Fitzgerald replied, “The golden bowl is broken indeed, but it was golden.”
On another occasion, referring to “Tender is the Night”, Gerald told Scott, “Only the invented parts of our life had any meaning.”
The Murphys, with their daughter Honoria, were soon permanently back in New York, and Gerald was called upon to revive his family’s leather-goods company, Mark Cross.
They began to sell off parcels of the Dunes estate, then tried to unload the mansion itself. No one had that kind of money in those days, so in 1941 they had it torn down. Sara and Gerald moved into the dairy barn, renovated it and dubbed it Swan Cove. Dos Passos and Robert Benchley used to come to visit. Léger and his companion, Lucia Christofanetti, stayed for a time in one of the guest cottages on the estate.

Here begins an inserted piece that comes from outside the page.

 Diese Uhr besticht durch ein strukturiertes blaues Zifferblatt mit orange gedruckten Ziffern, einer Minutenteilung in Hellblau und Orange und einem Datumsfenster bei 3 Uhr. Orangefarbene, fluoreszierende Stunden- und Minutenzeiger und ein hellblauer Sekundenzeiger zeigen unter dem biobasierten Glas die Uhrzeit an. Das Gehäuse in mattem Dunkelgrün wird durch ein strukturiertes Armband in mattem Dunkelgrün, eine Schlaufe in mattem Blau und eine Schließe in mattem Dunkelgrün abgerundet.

In 1959 the Murphys built a house they called the Little Hut next to the Dunes’ old servants’ quarters and garage. That’s where Gerald died in in 1964.
Sara and Gerald had other residences. Into the 1960s they lived in a house called Cheer Hall in Sneden’s Landing, New York, by the Hudson River. Their neighbour, Calvin Tomkins, discovered who they were and wrote a profile for the New Yorker entitled “Living well is the best revenge”.
Shortly before he died Archibald MacLeish donated “Wasp and Pear”, Gerald’s final painting, to the Met.
MacLeish, whose Pulitzer Prize-winning play “JB” was based on the Murphys’ grief at their sons’ deaths, came up with the inscription for Gerald’s gravestone, a quote from “King Lear” — “Ripeness is all.” The words on Sara’s stone are from Thomas Campion: “And she made all of light.”